If $(a,b)=(32,456)$, there are $106$ congruent integers $2$ mod $4$ between $32$ and $456$ inclusive.
Is there already a formula? And if so, what is that formula?
With a little research, we can find for integers at 0,1 mod 2, for integers at 0,1,2 mod 3, etc… But it must certainly have a pattern to find a formula.
Best Answer
I'm going to write a formula $H(a, b, n, p)$ for the number of items congruent to $n$, modulo $p$, in the interval $a \le k < b$. If you want to apply it to get the answer to the question you've asked, you need to evaluate $H(a, b+1, n, p)$ to get the sum to be inclusive on both ends.

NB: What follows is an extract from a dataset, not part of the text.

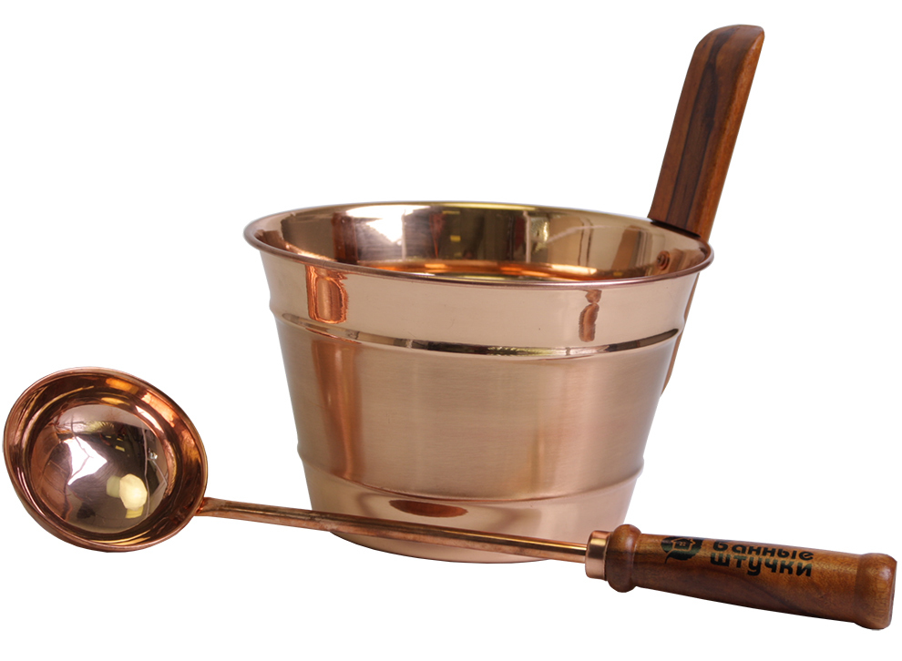 Juga, pabrikan India memproduksi satu set yang luar biasa untuk mandi dan sauna, yang terdiri dari wadah 4 liter dengan pegangan kayu dan ember tambahan dengan kapasitas 150 ml. Ini dirancang untuk menghasilkan uap dengan menuangkan air ke pemanas sauna. Untuk menghindari luka bakar akibat penguapan panas cairan, dilengkapi dengan pegangan kayu panjang yang nyaman. Bagian logam dari set terbuat dari tembaga berkualitas tinggi, yang tidak rentan terhadap efek destruktif dari korosi, yang memastikan masa pakai yang lama.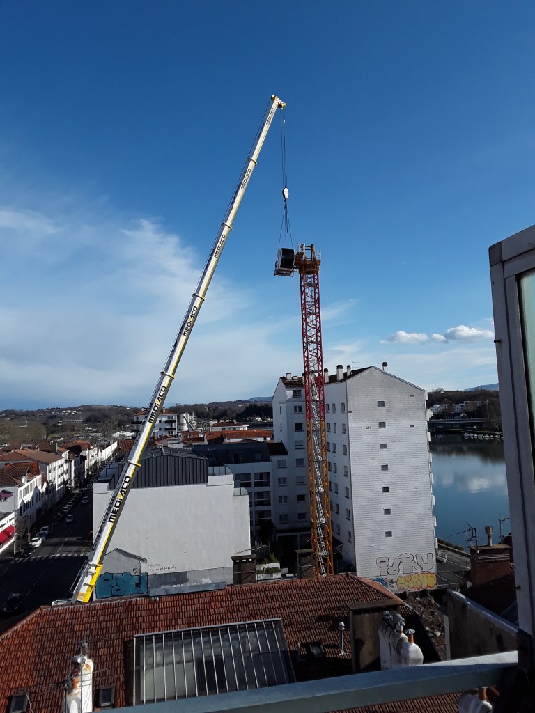 L’eau n’a pas été longue à envahir ce trou. Il y a eu des pompages réguliers Il semble même que le chantier a été interrompu quelque temps. Mais cela n’a pas empêché l’installation des piliers pour le montage de la grue, qui a commencé le 8 mars 2022 (voir photo montage). Elle s’est effondrée dès le 9 mars.

I'm assuming here that $b \ge a$.
Furthermore, I'm going to use the computer-scientist's convention that $$ (x, y) \mapsto x \bmod y $$ is a function defined on pairs of integers, where $y$ must be positive, and that the value of this function is the number in the range $0, 1, \ldots, y-1$ that is congruent to $x$, modulo $y$.
Observe that for any $a, b, n, p$, and $s$ we have $$ H(a, b, n, p) = H(a-s, b-s, n-s, p), $$ so picking $s = a$, we can simply compute our answer by computing $$ H(a-a, b-a, n-a, p) = H(0, b-a, n-a, p). $$ Next observe that if we adjust $n-a$ by some multiple of $p$, the answer remains the same, so if we say $n' = (n-a) \bmod p$, then we only need to compute $$ H(0, b-a, n', p) $$ and now $n'$ is a number between $0$ and $p-1$. To simplify a little more, let's write $b' = b-a$, so we seek to compute $$ H(0, b', n', p). $$ In any span of $p$ sequential integers, there's ONE that's congruent to $n'$, so let's look at how many such spans there are, starting at $0$, and stopping while still less than $b'$. That's exactly $$ U(b', p) = \lfloor \frac{b'}{p} \rfloor. $$ What's left over is a sequence of fewer than $p$ numbers from $pU(b', p)$ to $b'$, in which there might or might not be a number congruent to $n'$. Taken $\bmod p$, this sequence looks like $$ 0, 1, 2, \ldots, (b'-1) \bmod p $$ and we need to add one to our tally exactly if one of those numbers is $n'$. In short, we get $$ H(0, b', n', p) = U(b', p) + \begin{cases} 1 & n' < (b' \bmod p) \\ 0 & n' \ge (b' \bmod p) \end{cases}. $$
Replacing this with the original values, we get $$ H(a, b, n, p) = \lfloor \frac{b-a}{p} \rfloor + \begin{cases} 1 & (n \bmod p) < ((b-a) \bmod p) \\ 0 & (n \bmod p) \ge ((b-a) \bmod p) \end{cases}. $$
It's possible that there's some nice way to simplify this a little bit, but...I think I've said enough.